Vejamos o que sobre ela, a Torre, nos diz Guilherme Henriques na sua obra A Vila de Alenquer:
«Espalhadas pela parede ha diversas figuras [leia-se inscrições, uma delas com a data de construção], e nas pedras aparelhadas dos cunhaes ha muitos dos signaes mysticos que são tão frequentes nas obras de pedreiro d'aquella epoca. A era de 1421 corresponde ao anno de Crhisto de 1383, e, sendo aquella a verdadeira leitura, prova que esta parede da nascente foi feita por ordem da rainha D. Leonor Telles, quando retirou da capital para esta villa, depois da morte do conde d'Andeiro, sendo possível que as outras duas paredes, que diferem bastante na qualidade do material empregado e na mão d'obra, já estivessem feitas. Mas pode ser que haja mais duas unidades na era; e n'este caso, já seria obra de D. João I».
No que respeita a esta Torre da Couraça por aqui nos ficamos, pois não queremos terminar este post sem desfazer uma confusão criada por Guilherme João Carlos Henriques na obra que temos vindo a citar, ao trocar o nome às portas.

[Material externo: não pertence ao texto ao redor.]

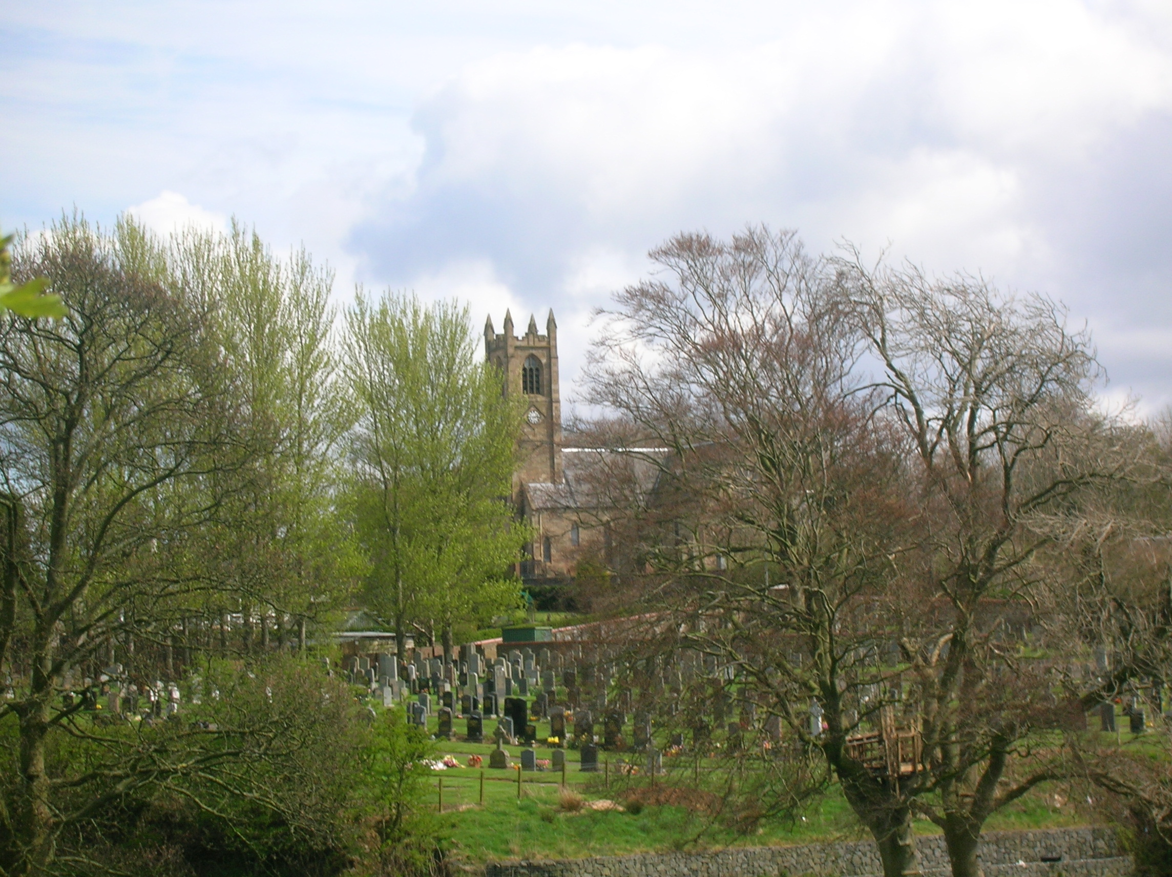 St Maurs Glencairn kirk in Kilmaurs, East Ayrshire, Scotland. 2007.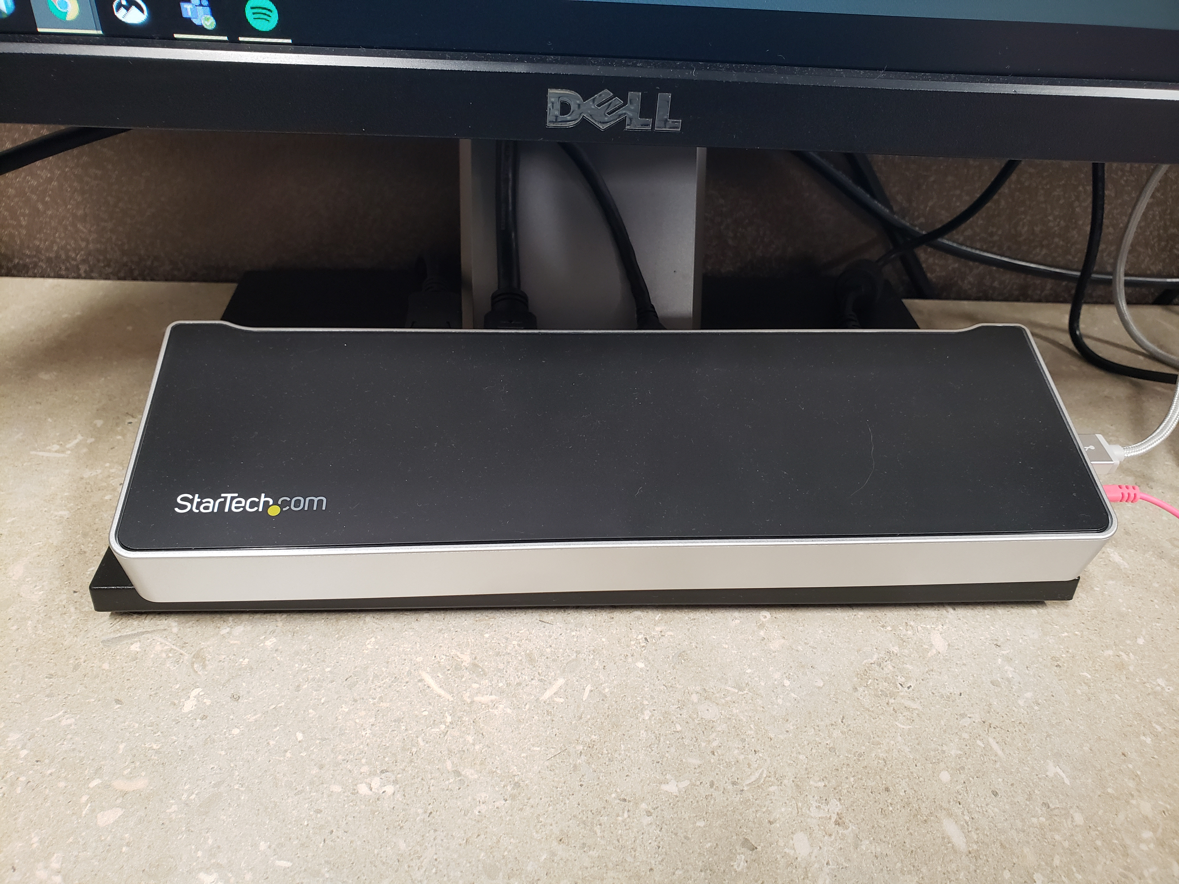 USB-C based triple monitor dock from a third party

A porta do "Carvalho" é efectivamente esta que depois veio a ser de "Santo António", depois ainda da "Conceição", e não a outra, lá em cima, junto às Casas da Câmara que, definitivamente, era a da "Vila"  e não do"Carvalho" como o escreveu o historiador da Carnota e a partir daí tem sido repetido como coisa certa.
E é assim porque é essa a denominação com que Fernão Lopes na sua Crónica de D. João I a referencia a propósito do episódio  do épico do cerco posto pelo Mestre de Avis em que viria a ser fatalmente atingido o seu jovem companheiro de armas Afonso Henriques. Mais, Fernão Lopes diz que esta porta se chamava do "Carvalho" por aí perto existir um soberbo exemplar de árvore desta espécie.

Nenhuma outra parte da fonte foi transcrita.